In a related argument, the State contends that LRSD should not receive fees for billed hours attributable to arguing the merits of terminating the funding because we did not reach the merits. However, “[l]itigants in good faith may raise alternative legal grounds for a desired outcome, and the court’s rejection of or failure to reach certain grounds is not a sufficient reason for reducing a fee. The result is what matters.” Id. at 435, 103 *995 S.Ct. 1938. Accordingly, we hold that no additional reduction on this ground is necessary.

The State next argues that the 380-hour total billed is excessive for this appeal and implies duplicative or unnecessary work. While it is a large total, we note that, in order to argue the merits of continued state funding, LRSD had to research and brief the State’s history of performance of its desegregation obligations throughout this entire thirty-year case. Although we did not reach the merits in our opinion, LRSD could not assume with certainty that we would not. Thus, we cannot say it was unreasonable for LRSD’s attorneys to bill 380 hours of work for this appeal.

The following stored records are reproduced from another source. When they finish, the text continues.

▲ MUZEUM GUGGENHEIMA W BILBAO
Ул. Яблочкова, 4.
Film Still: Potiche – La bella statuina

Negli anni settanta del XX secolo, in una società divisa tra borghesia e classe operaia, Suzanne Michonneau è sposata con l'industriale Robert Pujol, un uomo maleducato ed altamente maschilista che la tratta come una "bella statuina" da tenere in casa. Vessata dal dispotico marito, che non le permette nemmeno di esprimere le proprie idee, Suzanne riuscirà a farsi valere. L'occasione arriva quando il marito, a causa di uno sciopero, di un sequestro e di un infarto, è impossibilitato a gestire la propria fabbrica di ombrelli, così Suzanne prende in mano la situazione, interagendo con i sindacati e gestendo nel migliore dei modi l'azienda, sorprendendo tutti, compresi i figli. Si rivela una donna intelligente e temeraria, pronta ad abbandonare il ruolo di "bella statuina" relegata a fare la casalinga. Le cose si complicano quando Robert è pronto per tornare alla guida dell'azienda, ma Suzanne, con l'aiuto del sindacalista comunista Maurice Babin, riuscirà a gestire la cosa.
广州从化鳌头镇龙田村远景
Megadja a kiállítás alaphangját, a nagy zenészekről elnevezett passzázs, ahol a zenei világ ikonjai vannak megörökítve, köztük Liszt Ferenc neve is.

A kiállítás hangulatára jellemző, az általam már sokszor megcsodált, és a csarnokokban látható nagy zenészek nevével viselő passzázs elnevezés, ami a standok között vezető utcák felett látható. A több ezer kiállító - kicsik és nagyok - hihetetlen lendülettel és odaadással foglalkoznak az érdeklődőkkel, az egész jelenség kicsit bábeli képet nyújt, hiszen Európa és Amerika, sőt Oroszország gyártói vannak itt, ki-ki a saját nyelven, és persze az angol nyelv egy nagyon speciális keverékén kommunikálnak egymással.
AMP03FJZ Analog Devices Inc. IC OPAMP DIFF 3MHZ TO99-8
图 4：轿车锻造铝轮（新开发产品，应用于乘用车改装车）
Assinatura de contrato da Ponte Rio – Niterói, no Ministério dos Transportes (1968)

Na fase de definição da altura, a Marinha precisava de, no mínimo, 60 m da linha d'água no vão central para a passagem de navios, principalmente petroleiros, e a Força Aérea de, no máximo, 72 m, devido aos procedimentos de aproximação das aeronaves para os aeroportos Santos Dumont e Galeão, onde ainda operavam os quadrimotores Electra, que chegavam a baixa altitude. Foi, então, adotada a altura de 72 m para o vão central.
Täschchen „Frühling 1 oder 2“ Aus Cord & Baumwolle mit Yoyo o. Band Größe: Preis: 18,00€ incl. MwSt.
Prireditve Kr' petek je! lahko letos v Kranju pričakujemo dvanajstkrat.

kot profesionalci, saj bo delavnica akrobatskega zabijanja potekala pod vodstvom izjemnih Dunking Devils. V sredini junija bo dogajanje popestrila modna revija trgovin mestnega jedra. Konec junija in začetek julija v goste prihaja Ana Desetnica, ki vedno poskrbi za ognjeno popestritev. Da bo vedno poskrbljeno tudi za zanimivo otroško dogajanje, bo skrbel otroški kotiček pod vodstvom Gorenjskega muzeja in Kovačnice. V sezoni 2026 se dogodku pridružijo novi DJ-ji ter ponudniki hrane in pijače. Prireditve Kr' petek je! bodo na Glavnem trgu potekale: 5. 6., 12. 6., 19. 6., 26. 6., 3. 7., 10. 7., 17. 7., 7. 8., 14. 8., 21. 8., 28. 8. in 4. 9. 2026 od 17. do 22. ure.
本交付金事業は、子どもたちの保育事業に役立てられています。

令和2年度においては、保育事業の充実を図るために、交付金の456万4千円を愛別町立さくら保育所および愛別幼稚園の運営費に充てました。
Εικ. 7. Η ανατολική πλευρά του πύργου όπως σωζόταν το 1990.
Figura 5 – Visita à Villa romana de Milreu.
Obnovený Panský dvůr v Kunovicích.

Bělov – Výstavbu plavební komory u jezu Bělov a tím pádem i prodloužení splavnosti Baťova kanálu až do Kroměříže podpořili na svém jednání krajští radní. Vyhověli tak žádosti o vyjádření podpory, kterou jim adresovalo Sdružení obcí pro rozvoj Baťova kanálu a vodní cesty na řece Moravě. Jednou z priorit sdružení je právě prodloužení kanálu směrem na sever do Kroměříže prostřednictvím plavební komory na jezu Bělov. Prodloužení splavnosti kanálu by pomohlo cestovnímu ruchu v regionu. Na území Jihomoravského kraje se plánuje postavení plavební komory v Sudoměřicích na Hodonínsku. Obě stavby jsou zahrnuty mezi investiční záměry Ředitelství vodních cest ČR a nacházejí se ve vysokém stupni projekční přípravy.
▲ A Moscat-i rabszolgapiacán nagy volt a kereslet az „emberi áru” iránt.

The State also contends in particular that the ten hours billed and $152.50 in expenses associated with Mr. Fendley’s travel to attend oral argument are unreasonable because he did not present oral argument. We disagree. In a case of this complexity and magnitude, it was not unreasonable for LRSD to send two attorneys to attend oral argument.

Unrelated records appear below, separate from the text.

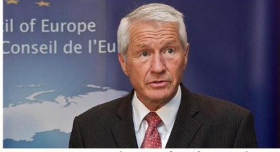
Avrupa Konseyi Genel Sekreteri Thorbjorn Jagland

“Darbe girişimi, nereden bakılırsa bakılsın kabul edilemeyecek bir şey. TBMM gibi ülkenin demokratik kurum ve kuruluşlarına saldırılar ve bombardımanlar gerçekleştirildi. Bu darbe girişimi en ağır şekilde kınanmalı. (15 Temmuz gecesi) Gece yarısından önce darbe girişiminin kabul edilemez olduğunu açıkça bildirdim.”
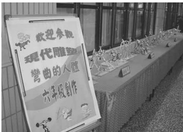
▲ 學生美勞作品展示區
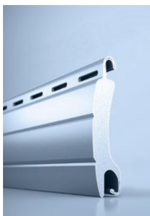
1 heroal RS 32
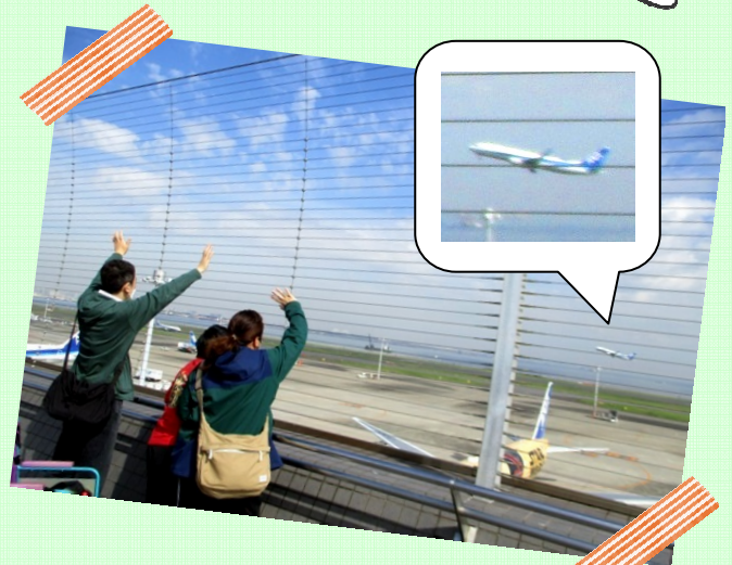
み ている あいだ ひこうき 見ている間にも飛行機が つぎつぎ と た 次々と飛び立っていく！
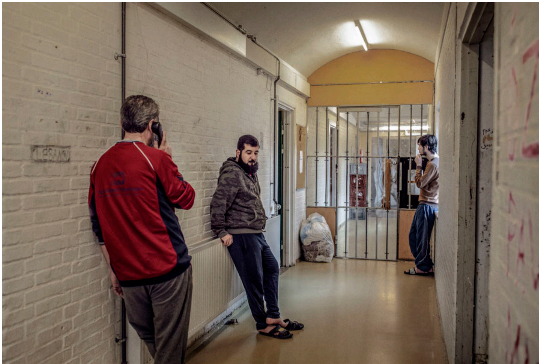
OPHOLD. Ellebæk er nedrasket og nedslidt. Mændene har ikke noget fællesrum. Derfor er de nødt til at opholde sig på gangene.

Man vedgår dog indirekte, at forholdene har været for ringe.
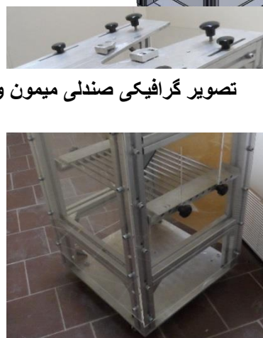
صندلی میمون و چارچوب تثبیت صندلی میمون
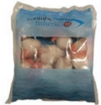
CPE030 CAPPESANTE ATLANTIC. SGUSC 8/12UK10X600PP
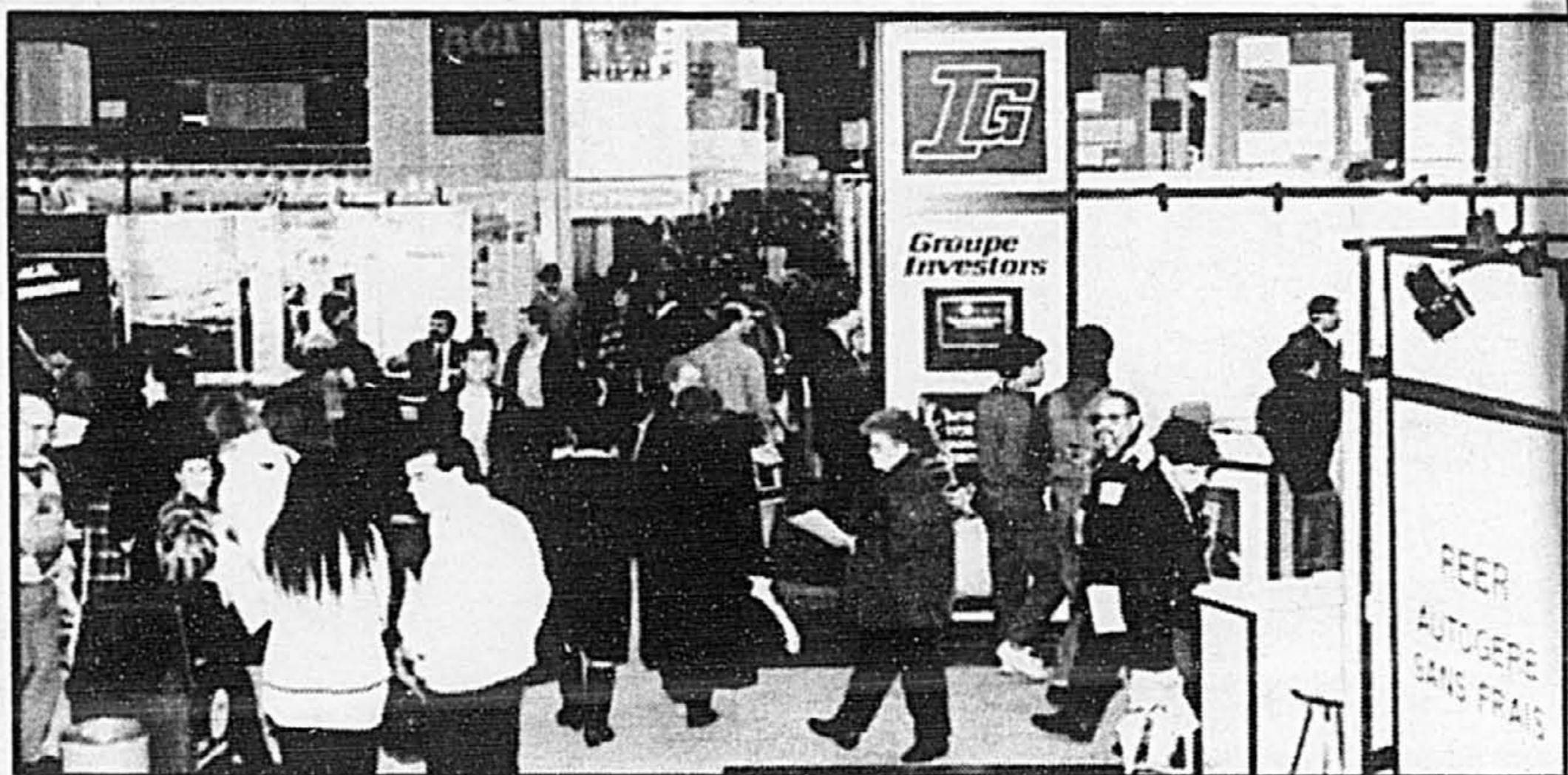
Le 14 e Salon Épargne-Placements ouvrira ses portes jeudi prochain, le 27 janvier, sous le thème de la liberté financière. Les épargnants et investisseurs trouveront sur place tous les conseils et l'information nécessaire pour faire fructifier leur capital.

Vous pourrez obtenir des commentaires beaucoup plus élaborés sur ces stratégies en vous rendant au stand numéro 538 de Lévesque, Beaubien, Geoffrion, situé en plein cœur du Salon.
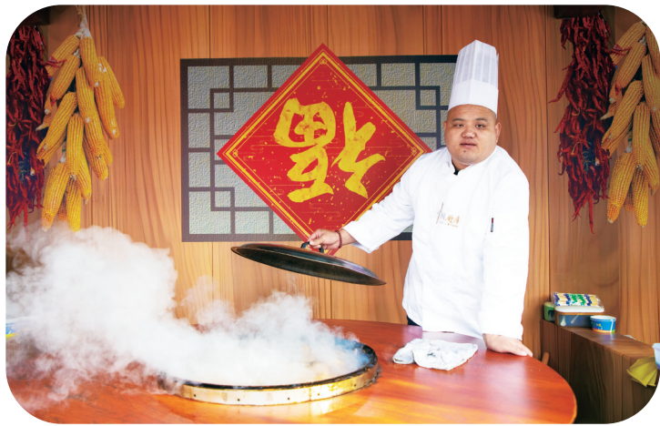
查干湖特色美食铁锅炖鱼。
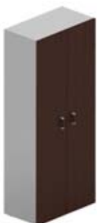
Шкаф высокий с глухими дверцами

125 × 50 × 63,5 см LRRM124WE 3 ящика с центральным замком
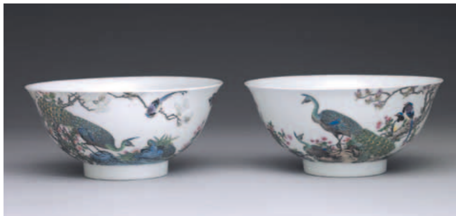
圖九 清 雍正 琺瑯彩孔雀紋碗 國立故宮博物院藏
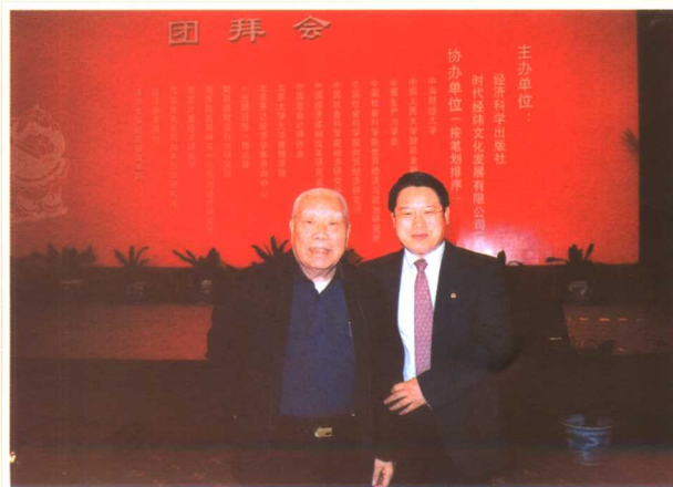
与财政部李勇副部长在经济学界春节团拜会上（2003）

In its penultimate challenge, the State notes that LRSD is attempting to recover fees for work associated with LRSD’s motion in the district court for a stay pending appeal. We typically determine fees only for services rendered in this Court and allow the district court to determine the proper compensation for services rendered before it. Avalon Cinema Corp. v. Thompson, 689 F.2d 137, 138 (8th Cir.1982) (en banc). Although the individual billing records are not entirely clear as to the number of hours attributable solely to the attempt to obtain a stay in the district court, it appears reasonable to delete six hours from Mr. Fendley’s billing total and two hours from Mr. Heller’s billing total as representing services not performed in this Court.

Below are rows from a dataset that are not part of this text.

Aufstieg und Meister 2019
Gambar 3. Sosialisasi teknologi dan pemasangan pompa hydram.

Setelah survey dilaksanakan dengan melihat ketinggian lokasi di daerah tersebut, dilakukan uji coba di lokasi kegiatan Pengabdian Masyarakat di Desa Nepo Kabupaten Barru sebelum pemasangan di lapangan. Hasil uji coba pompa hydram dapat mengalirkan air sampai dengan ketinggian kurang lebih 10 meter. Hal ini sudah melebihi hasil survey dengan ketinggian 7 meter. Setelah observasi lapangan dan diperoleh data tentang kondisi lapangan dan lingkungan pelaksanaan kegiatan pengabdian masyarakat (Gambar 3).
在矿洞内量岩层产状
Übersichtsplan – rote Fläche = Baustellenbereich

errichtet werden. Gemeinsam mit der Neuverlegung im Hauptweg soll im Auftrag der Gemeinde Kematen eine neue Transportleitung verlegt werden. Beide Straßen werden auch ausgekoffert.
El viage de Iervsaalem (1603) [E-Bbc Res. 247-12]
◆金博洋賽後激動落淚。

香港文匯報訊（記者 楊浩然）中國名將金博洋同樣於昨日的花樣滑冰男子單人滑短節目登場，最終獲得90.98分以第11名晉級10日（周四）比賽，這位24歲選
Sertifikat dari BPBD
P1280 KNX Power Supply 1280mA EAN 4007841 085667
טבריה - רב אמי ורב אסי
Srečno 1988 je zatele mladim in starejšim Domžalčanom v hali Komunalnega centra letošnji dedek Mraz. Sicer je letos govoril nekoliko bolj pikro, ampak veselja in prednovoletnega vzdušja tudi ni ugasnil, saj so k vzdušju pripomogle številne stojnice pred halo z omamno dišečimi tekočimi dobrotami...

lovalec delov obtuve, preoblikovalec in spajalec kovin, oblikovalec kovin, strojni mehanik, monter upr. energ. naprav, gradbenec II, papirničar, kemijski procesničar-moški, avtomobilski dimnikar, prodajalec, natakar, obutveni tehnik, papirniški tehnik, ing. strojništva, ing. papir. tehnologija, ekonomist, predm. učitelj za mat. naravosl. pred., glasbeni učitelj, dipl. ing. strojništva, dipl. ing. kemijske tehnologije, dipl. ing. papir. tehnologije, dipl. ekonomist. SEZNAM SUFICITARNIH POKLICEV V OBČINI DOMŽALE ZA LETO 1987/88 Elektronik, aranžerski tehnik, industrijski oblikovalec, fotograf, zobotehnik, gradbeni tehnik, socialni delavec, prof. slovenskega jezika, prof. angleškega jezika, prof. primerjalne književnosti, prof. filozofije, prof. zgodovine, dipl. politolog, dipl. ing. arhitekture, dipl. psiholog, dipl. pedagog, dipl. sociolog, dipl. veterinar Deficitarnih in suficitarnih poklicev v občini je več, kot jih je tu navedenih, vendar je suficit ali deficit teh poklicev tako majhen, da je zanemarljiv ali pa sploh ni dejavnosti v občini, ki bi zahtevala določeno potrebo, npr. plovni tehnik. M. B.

Finally, the State argues that LRSD should receive fees at the hourly rate actually charged by its attorneys, rather than at their nominal billing rate. LRSD counters, accurately, that we have in the past awarded fees at the full nominal billing rate despite the attorneys’ reduced fee arrangement with LRSD. See Little Rock Sch. Dist. v. Arkansas, 127 F.3d 693, 697-98 (8th Cir.1997). Neither the actual fee arrangement nor our past practice controls the award in this case, however. As the Supreme Court has explained:

[Section 1988] contemplates reasonable compensation, in light of all of the circumstances, for the time and effort expended by the attorney for the prevailing plaintiff, no more and no less. Should a fee agreement provide less than a reasonable fee calculated in this manner, the defendant should nevertheless be required to pay the higher amount.